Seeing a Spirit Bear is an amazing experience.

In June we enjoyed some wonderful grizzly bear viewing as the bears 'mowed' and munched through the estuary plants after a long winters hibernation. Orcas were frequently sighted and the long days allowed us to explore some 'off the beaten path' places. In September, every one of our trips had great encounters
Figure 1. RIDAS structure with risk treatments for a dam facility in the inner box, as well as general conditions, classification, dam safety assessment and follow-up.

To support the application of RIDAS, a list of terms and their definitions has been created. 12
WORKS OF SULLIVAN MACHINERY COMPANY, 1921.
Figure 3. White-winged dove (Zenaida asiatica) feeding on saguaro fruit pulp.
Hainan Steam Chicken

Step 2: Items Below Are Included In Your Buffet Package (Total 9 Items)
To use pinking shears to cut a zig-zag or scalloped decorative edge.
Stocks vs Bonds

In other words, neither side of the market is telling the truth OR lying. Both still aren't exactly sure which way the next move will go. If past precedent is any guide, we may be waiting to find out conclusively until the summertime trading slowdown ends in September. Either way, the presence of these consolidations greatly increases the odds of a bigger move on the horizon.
######
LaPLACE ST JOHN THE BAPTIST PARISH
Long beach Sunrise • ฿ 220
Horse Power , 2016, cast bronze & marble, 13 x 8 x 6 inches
######
Only one part of the material above is to be transcribed, namely the lines starting with the line that has "Long beach Sunrise • ฿ 220" and going on through the line that has "Horse Power , 2016, cast", exactly as they stand.

Long beach Sunrise • ฿ 220
Horse Power , 2016, cast bronze & marble, 13 x 8 x 6 inches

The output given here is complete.